Monty Python’s favourite food is to come in plastic tubs for the first time.
The new Spam format, which hits Tesco next month and Asda in August, and will sit alongside existing tinned Spam products, marks the 75-year-old brand’s first move outside cans.
The easy-to-open resealable tubs (rsp: £1.79/200g) has been developed to appeal to a younger demographic and grow the “static” canned meat category, said brand owner Hormel Foods.
“No major brand has offered a plastic tub as an easy opening format before and the development is expected to attract both new and lapsed users to the brand,” it said.
The brand will be underlining the new lighter-weight, less waste packaging and its relevance for different meal occasion with the roll out of a six figure marketing push. The nationwide campaign will target leading women’s titles and its fans on social media sites as well as specialist camping and caravanning media.
Although the latest figures (Nielsen, year to date May 2013) show Spam’s market share in the UK is static at 61%, this rose 8.3% in 2012, the company said. Sales also increased 10% year on year and Hormel’s second quarter results, issued on 23 May noted that the international team had achieved “excellent results led by higher sales of the Spam family of products”.

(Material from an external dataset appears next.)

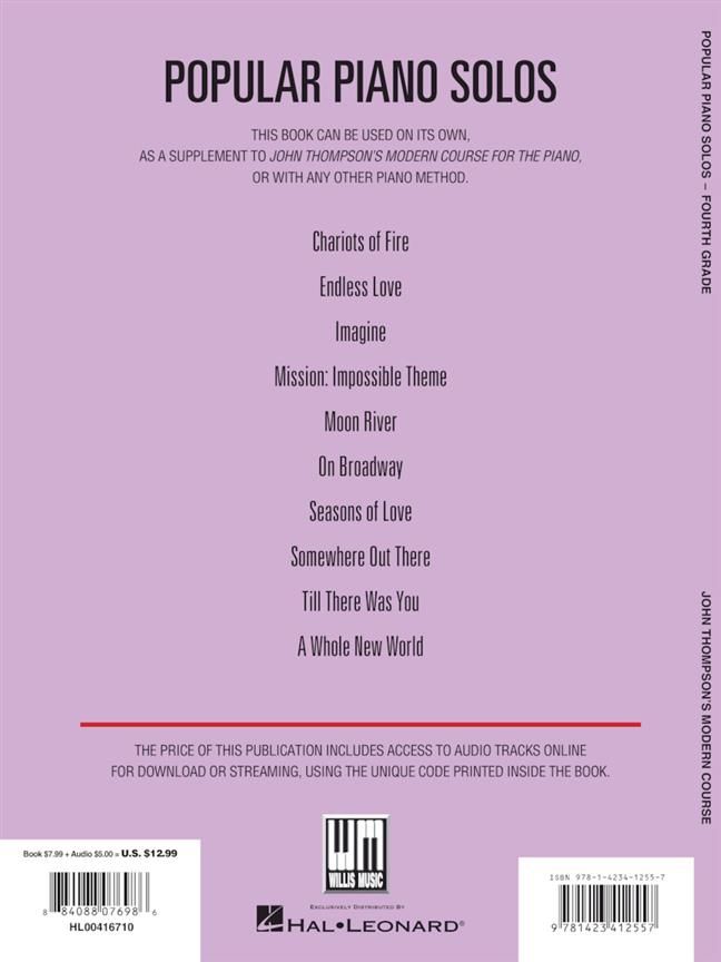 This book/CD pack can be used on its own, as a supplement to John Thompson's Modern Course for the Piano, or with any other piano method. The audio CD is playable on any CD player, and also enhanced so PC and Mac users can access MIDI files for each song. 10 all-time favorites: Chariots of Fire • Endless Love • Imagine • Mission: Impossible Theme • Moon River • On Broadway • Seasons of Love • Somewhere Out There • Till There Was You • A Whole New World.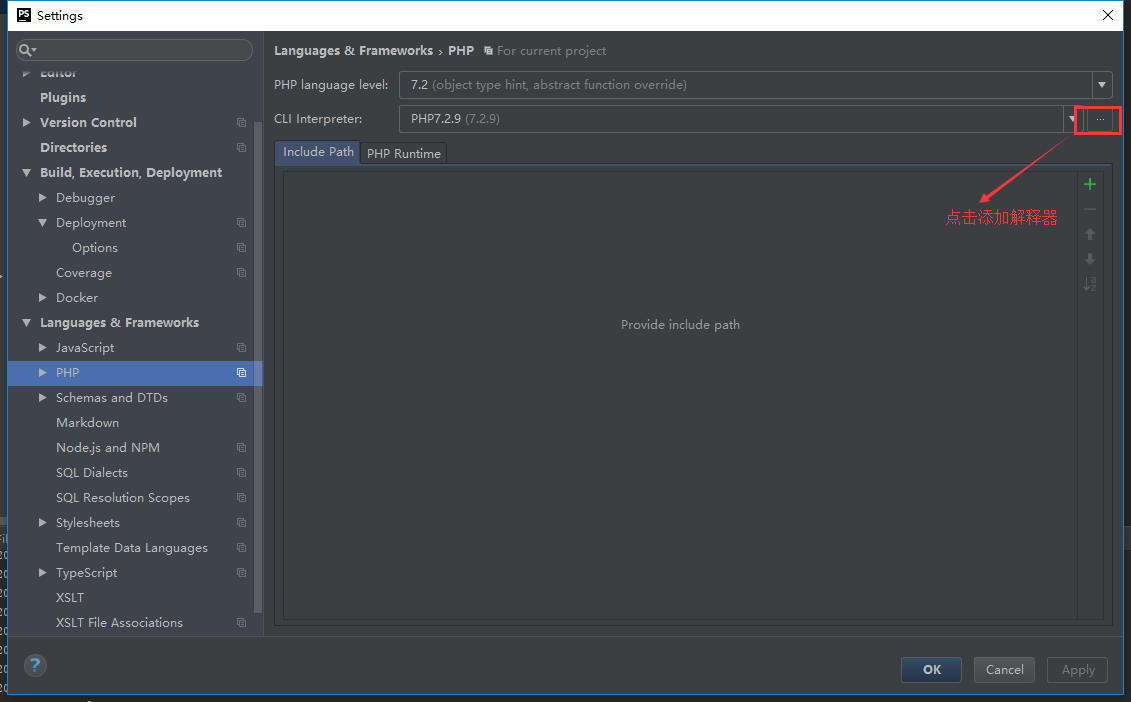 2)File - setting - Languages & Frameworks,配置 PHP 版本、interpreter信息;

However earlier this week (Tuesday 18 June) Spam’s US parent company Hormel Foods downgraded its shares from 1.96-2.03 to $1.88-196. In a statement, president and chief executive Jeffrey Ettinger said the shortfall in the second half results stemmed from lower than expected results in pork operations, higher input costs and softer sales of retail products in the Refrigerated Foods segment.
Its share price subsequently slumped 4.6% on the New York Stock Exchange.
A spokesman for Spam in the UK told The Grocer the financial statement pertained only to the company’s overall US portfolio and had “no relevance” to Spam’s UK market.
Hormel’s portfolio includes meat products under its Hormel, Compleats and Lloyd’s barbecue labels, Jennie-O Turkey Store, and Skippy Peanut butter.
Spam is manufactured under licence in Europe by Tulip.